For test_iter, I would have expected something like:

test_iter = d2l.load_array((features[n_train:], labels[n_train:]),
                           batch_size, is_train=False)

Thanks for your time.

Great catch @dosssman! I believe we don’t need test_iter, as it is never used after being defined.

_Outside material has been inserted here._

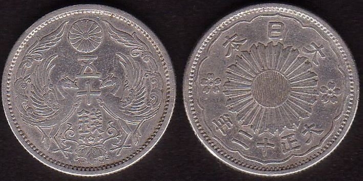 Bildbeschreibung: | 50 Sen 1923 Phönix Material: Silber 720 / Kupfer 280 Durchmesser: 23,50mm Gewicht: 4,95g Randschrift: Keine / Riffelrand Auflage: 185,180,000 Kat.-Nr.: Schön: 23 KM: 46 JNDA: 01-17 |

I see. I did not get that far down yet haha.

8.1.2. A Toy Example

features = d2l.zeros((T-tau, tau))
AttributeError : module ‘d2l.torch’ has no attribute ‘zeros’
Then I search
No source code:
I can use ``features = d2l.torch.zeros((T-tau, tau))` to replace now, and try to code next time!
:cold_face:An hour to debug!

Hi @StevenJokes, great try! Your effort will ultimately gain some tractions!

for i in range(tau):
    features[:, i] = x[i: i + T - tau - max_steps + 1].T

What’s the purpose of .T at the end of the line above? It seems making no difference

I can’t agree more. Transposing a 1-rank tensor returns exactly itself.

Also this code

for i in range(n_train + tau, T):
    multistep_preds[i] = d2l.reshape(net(
    multistep_preds[i - tau: i].reshape(1, -1)), 1)

can be simply written as

for i in range(n_train + tau, T):
    multistep_preds[i] = net(multistep_preds[i - tau: i])

@ducatyb @swg104

I agree. Fixing:
Next time you can PR first:

I couldn’t help but notice the similarities between the latent autoregressive model and hidden Markov models. The difference being that in the case of latent autoregressive model the hidden sequence h_t might change over time t and in the case of Hidden markov models the hidden sequence h_t remains the same for all t. Am I correct in assuming this?

Hi everybody,
I have a question about math. In particular what does the sum on x_t in eqution 8.1.4 mean?

Is that the sum over all the possible state x_t? But that does not make a lot of sense to me, because if I have observed x_(t+1) there is just one possible x_t.

Could someone help me in understanding that?

Thanks a lot!